Bike websites and magazines often feature diagrams or tables listing frame dimensions and angles. This is what those numbers mean.
Bicycle geometry affects how a bike fits and rides. It doesn't tell you everything; components and materials are at least as important. And it's less prescriptive than some would have you believe. Bike geometry grew out of practical considerations rather than pure maths. To fit comfortably, the saddle went here, the bars went there, and the front wheel had to be there so it wouldn't hit your feet. Nevertheless, the numbers do tell you useful things about what a bike will be better or worse at, and whether it will suit you.
Will it fit me?
In the days when bikes had horizontal top tubes and short seat posts, the seat tube length told you whether you'd be able to reach the pedals and stand over the frame when you stopped – in short, whether it would fit. So that's how bikes were sized. This idea hasn't died, despite the fact that most bikes now have a downward sloping top tube and 200mm or more of saddle height adjustment.
Assuming that you can comfortably stand over the frame, the most important frame measurement for fit is the effective top tube length (ETT).

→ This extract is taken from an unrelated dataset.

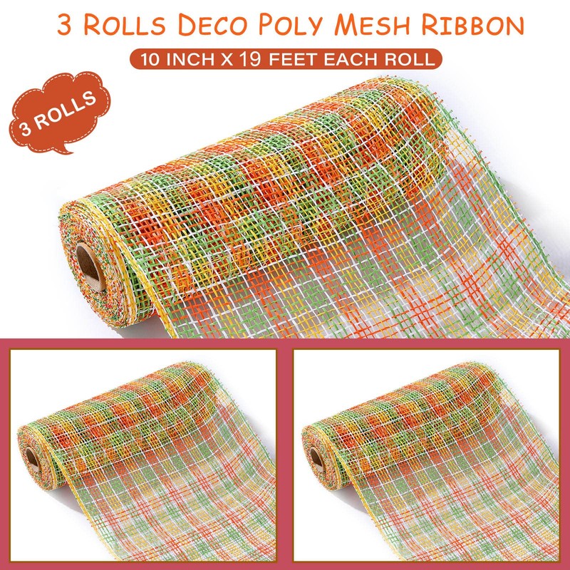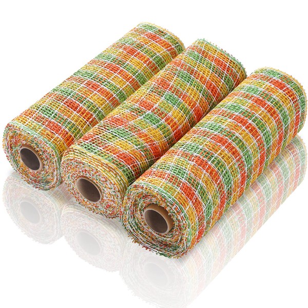 3 Rolls Fall Poly Burlap Mesh 10 Inches Plaid Check Deco Mesh Wreath Supplies - Yellow Green and Orange Multi Stripe Thanksgiving Decorative Poly Mesh Ribbon for Wreaths DIY Crafts Making Supplies

This is the length the top tube would be if it ran horizontally from the top of the head tube to the seat post. It tells you how stretched out you will be on the bike, subject to a given handlebar type and stem length.
Once you know the ETT of a bike you find comfortable, you can use this to size up other bikes with the same kind of handlebar. If your 600mm ETT hybrid feels just right and you're in the market for a new one, you want one with something close to a 600mm ETT, irrespective of whether the bike is described as Medium or Large or has 530 or 550mm seat tube. To fine tune the fit, see the Bike Fit Basics article in issue 11 of Cycle Commuter. And don't forget you can try for size before buying at your local bike shop.
Frame angles
Seat tube angles range from about 70-75 degrees. A steeper angle moves the saddle forward while a shallower angle moves it back. Steep is fine for racers. It allows them to ride hard in an aero crouch, as the more open hip angle doesn't constrain breathing or power transfer. It's not so good for more relaxed riding as it transfers more of your weight from your backside to your hands, which can cause aches and pains.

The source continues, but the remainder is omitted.